Here on earth there is always a bittersweet end to the times we
enjoy. We must leave the gathering of friends, finish the game,
put down the book, turn off the music. In heaven the blessings God
has prepared are so secure that they will go on and on and on. That's
security!
You know, for about as long as I can remember, Linus, the Peanuts
cartoon character has been a poster boy for insecurity. Remember
how he had to take that blanket of his with him wherever he went?

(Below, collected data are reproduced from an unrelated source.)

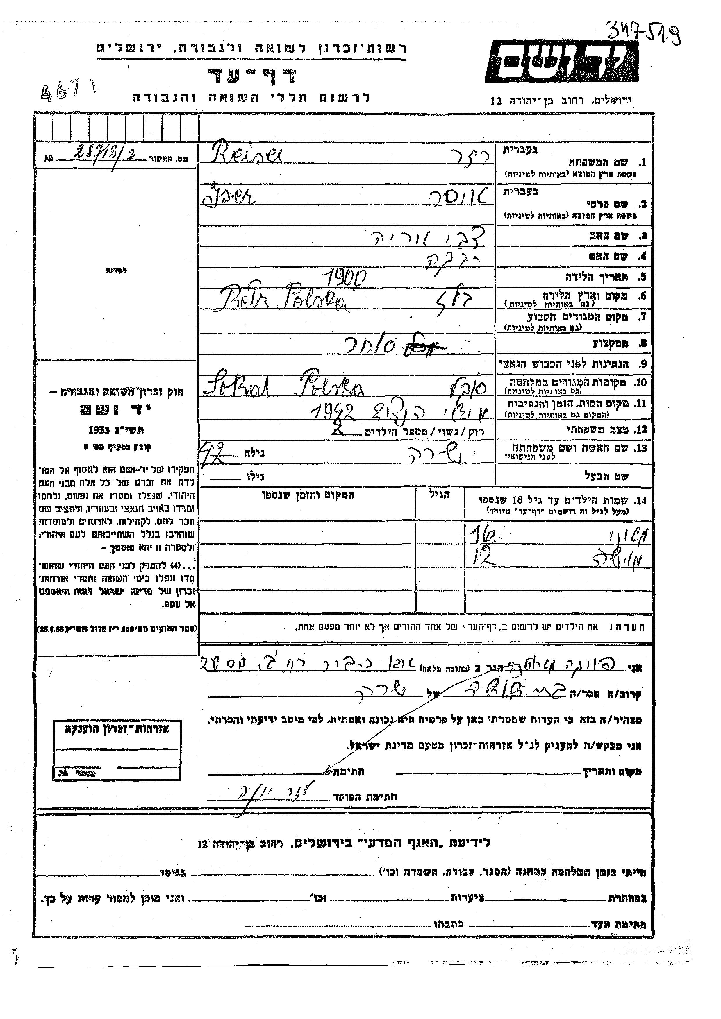 Isser Reiser Rizer wurde im Jahr 1900 in Belz, Polen geboren. Er war der Sohn von Tzvi Arie und Rivka. Er war Kaufmann/-frau und mit Sara Verheiratet. Während des Krieges war er in Sokal, Polen.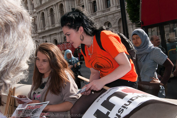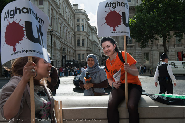 ![]() Earlier in the day the democracy campers had lost their case to stay in Parliament Square ![]() ![]() The 'King and Queen of the Common People' get some legal advice ![]() ![]() ![]() ![]() The demonstration by Stop the War against the war in Afghanistan was starting opposite Downing St |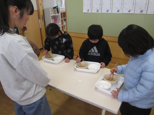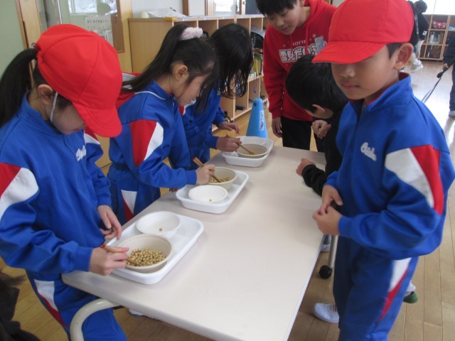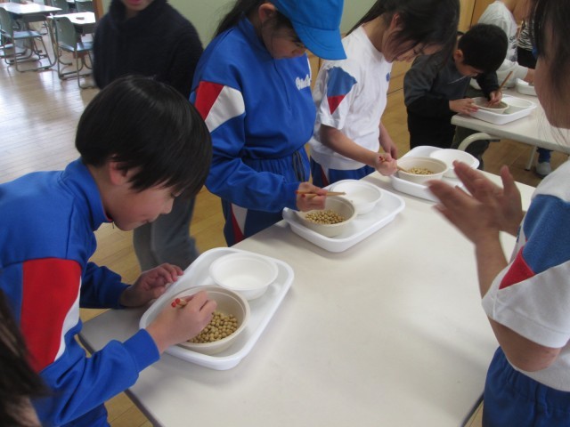 今週は給食週間で、給食委員会がいろいろなイベントを企画しています。今日は、1,2年生が豆つまみゲームをしました。1分間集中して豆つまみに取り組んでいました。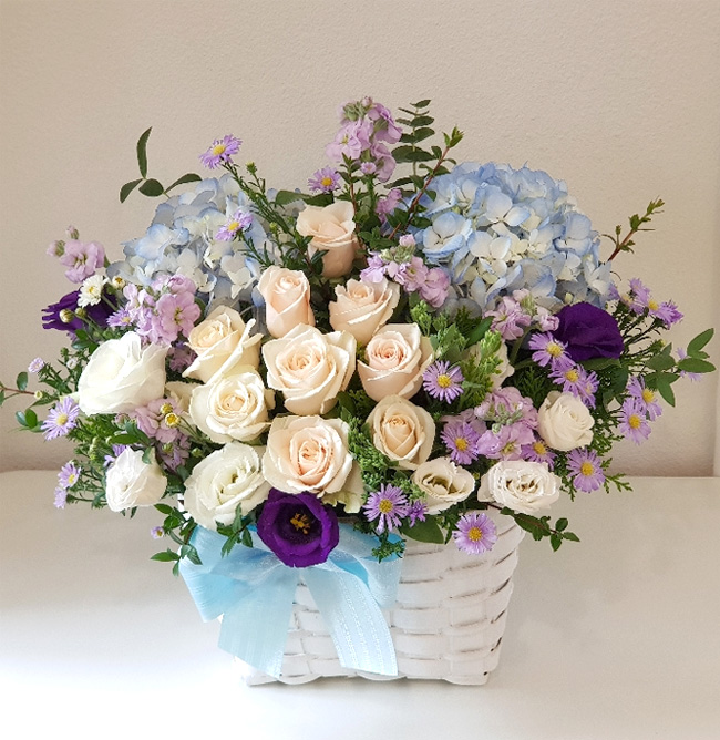 수국 장미 바구니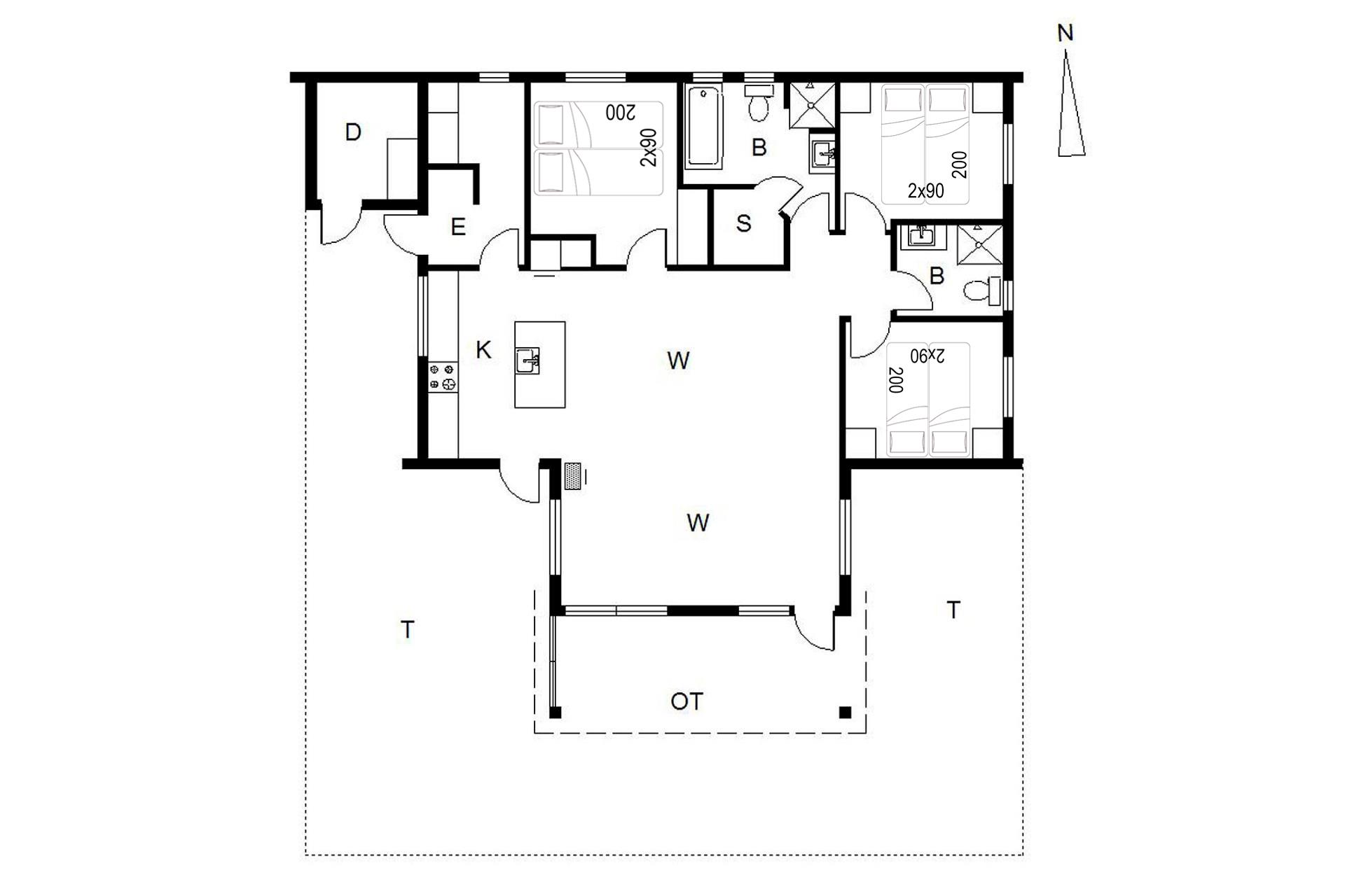 Sengestørrelser: 3 dobbeltsenge med 2 madrasser 90 x 200 cm.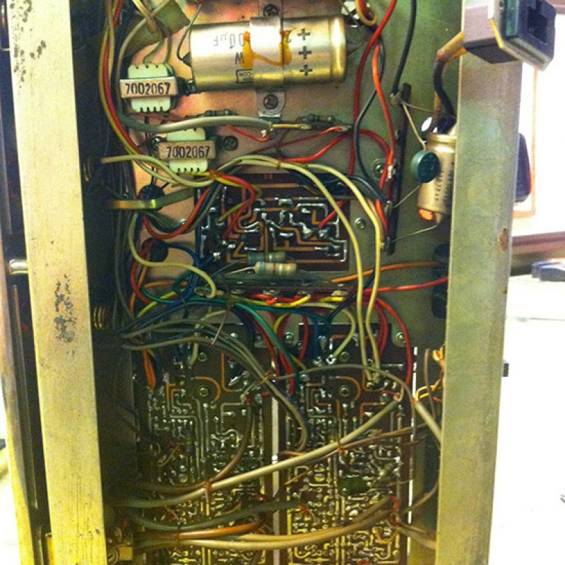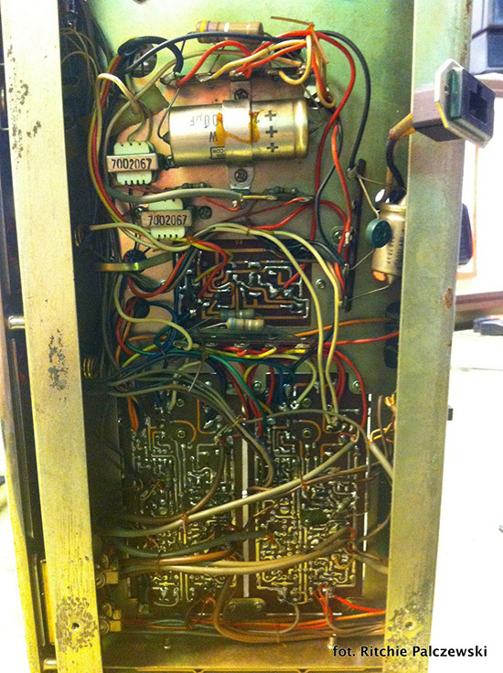 During the “Burn” Session Ritchie became very creative with his gear and used everything he liked. Now he was without restrictions the leader from Deep Purple Mk3 and could experiment with whatever he wanted. Besides his trebleboosters Ritchie used different amps, even a small car-battery powered transistor amp (“Sail Away”) out of the recording studios junk room. Furthermore the EMS Hi-Fli (an early guitar synthesizer on “Sail away”, contains such effects like treble booster, fuzz, octave fuzz, sustain fuzz, vibrato, phasing, chorus, standard & special wah-wah (eg. with six resonant peaks), ring-modulator, and other features) and especially the German Schulte Compact Phaser “A” came into operation.

A child's blanket, a simple piece of cloth may seem like a silly
object to which to turn for security, but what have you found in
this world that offers anything more? Pension plans? Your job? Your
health? Medical science? The security these things offer is short-lived.
No, today were back to a blanket, a piece of cloth, to be specific,
the burial cloth that Jesus folded up and laid to the side after
wiping from his eyes the sleep of death. That cloth and the empty
tomb in which it was found are the only security we'll ever need.
For these things remind us that the Savior's resurrection makes
us secure, secure that God is with us, secure that God will raise
us and secure that God will bless now and forever. Amen.